> Task instructions: After locating the line that contains "이번 2단계 사업은 지난해" in the records below, write out exactly that line and each line after it through the one that contains "戴面具的女孩子纹身手稿图案8张", and nothing else.

Stored records:
+-------+

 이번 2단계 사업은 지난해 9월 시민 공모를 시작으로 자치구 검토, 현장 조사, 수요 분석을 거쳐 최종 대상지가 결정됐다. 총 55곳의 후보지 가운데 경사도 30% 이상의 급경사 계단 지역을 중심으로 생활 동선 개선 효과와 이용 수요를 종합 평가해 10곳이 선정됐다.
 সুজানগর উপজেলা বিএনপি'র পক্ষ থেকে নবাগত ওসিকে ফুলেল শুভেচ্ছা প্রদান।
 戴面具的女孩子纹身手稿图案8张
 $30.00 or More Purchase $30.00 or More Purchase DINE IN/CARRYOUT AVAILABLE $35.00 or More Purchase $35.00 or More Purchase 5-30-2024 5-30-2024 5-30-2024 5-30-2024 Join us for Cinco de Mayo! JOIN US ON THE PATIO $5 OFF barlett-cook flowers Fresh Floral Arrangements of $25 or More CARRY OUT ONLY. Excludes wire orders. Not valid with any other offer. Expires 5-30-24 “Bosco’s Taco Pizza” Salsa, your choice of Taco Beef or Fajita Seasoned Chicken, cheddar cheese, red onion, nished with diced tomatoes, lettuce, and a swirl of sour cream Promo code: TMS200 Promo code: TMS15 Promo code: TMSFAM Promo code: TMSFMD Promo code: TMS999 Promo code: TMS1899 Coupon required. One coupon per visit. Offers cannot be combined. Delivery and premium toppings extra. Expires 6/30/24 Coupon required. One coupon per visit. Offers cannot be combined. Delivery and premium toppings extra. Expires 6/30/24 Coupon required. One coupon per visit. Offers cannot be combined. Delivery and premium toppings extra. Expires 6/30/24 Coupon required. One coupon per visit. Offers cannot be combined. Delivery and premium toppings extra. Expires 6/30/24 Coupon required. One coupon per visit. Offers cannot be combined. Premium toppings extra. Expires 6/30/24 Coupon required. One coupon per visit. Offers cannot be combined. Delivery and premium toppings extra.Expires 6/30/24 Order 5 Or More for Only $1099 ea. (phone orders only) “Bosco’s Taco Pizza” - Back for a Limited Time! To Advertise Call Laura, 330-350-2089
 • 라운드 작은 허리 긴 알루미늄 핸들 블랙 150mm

+-------+

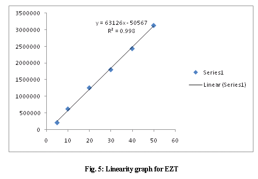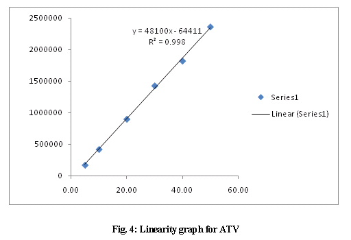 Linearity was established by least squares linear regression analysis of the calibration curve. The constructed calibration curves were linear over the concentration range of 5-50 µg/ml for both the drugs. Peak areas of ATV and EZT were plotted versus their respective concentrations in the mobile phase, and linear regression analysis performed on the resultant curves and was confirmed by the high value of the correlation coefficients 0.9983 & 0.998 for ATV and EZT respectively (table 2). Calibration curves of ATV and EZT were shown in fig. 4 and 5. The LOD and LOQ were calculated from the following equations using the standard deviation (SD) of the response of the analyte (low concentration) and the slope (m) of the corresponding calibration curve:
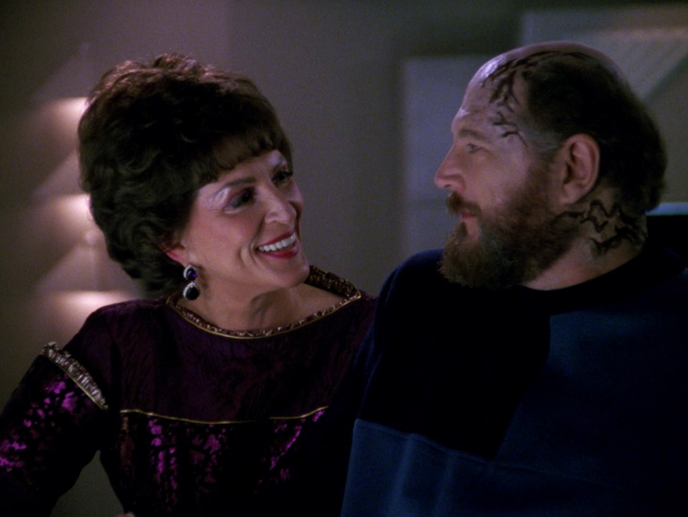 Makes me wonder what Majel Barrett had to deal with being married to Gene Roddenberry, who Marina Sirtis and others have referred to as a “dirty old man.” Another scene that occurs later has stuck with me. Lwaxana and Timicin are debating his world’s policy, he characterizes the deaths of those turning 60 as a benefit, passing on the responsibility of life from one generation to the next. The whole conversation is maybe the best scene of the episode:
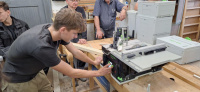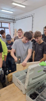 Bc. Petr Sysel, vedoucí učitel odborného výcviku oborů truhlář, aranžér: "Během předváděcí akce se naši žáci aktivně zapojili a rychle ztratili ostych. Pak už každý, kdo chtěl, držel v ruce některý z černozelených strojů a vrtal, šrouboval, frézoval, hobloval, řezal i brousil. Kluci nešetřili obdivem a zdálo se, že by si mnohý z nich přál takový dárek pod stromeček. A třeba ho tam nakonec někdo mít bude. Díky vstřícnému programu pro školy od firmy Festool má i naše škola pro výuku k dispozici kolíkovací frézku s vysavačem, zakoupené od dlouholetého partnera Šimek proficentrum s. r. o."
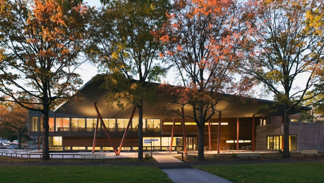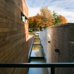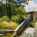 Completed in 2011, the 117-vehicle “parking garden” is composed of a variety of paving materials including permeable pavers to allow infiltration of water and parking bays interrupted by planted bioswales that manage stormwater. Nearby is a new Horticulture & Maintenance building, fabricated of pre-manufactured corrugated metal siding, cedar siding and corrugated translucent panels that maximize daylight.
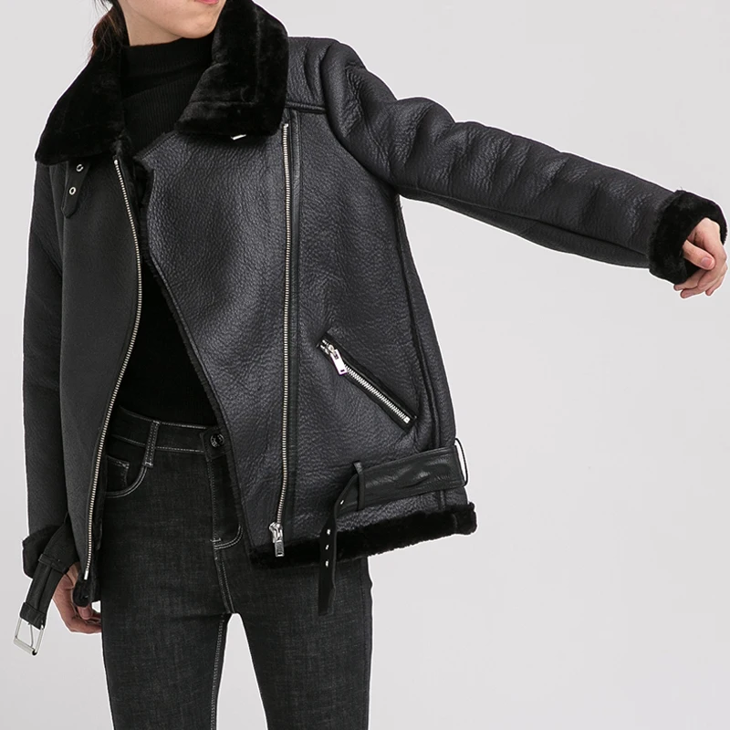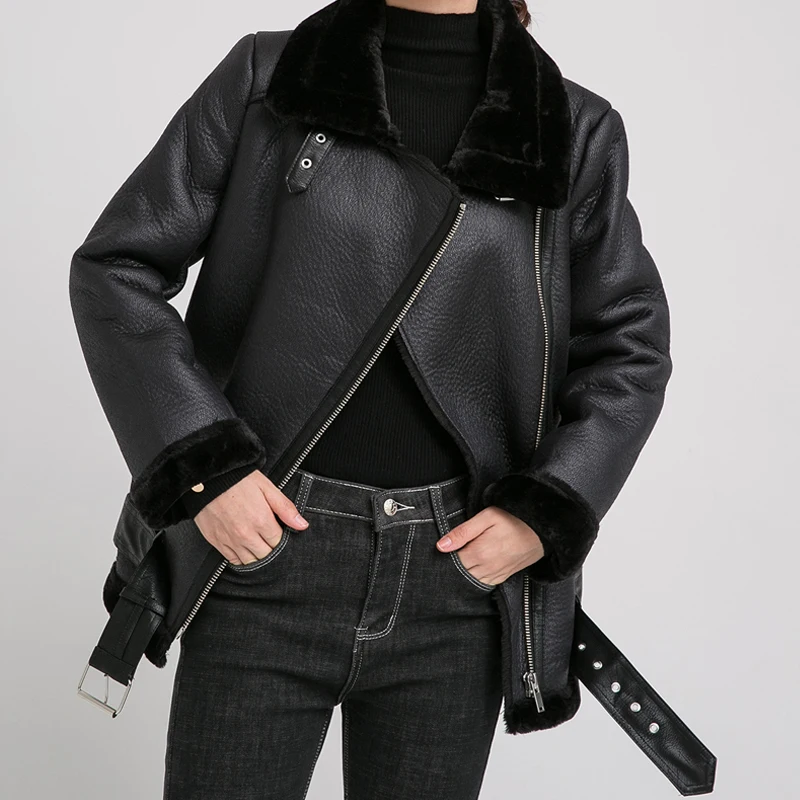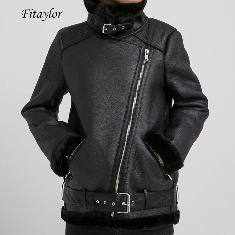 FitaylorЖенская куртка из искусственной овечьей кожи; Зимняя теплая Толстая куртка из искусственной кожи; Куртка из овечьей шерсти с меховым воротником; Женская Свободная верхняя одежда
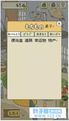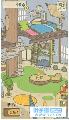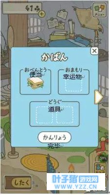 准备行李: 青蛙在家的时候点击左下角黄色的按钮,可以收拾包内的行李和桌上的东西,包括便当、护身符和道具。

+-------+

> Task response:
 이번 2단계 사업은 지난해 9월 시민 공모를 시작으로 자치구 검토, 현장 조사, 수요 분석을 거쳐 최종 대상지가 결정됐다. 총 55곳의 후보지 가운데 경사도 30% 이상의 급경사 계단 지역을 중심으로 생활 동선 개선 효과와 이용 수요를 종합 평가해 10곳이 선정됐다.
 সুজানগর উপজেলা বিএনপি'র পক্ষ থেকে নবাগত ওসিকে ফুলেল শুভেচ্ছা প্রদান।
 戴面具的女孩子纹身手稿图案8张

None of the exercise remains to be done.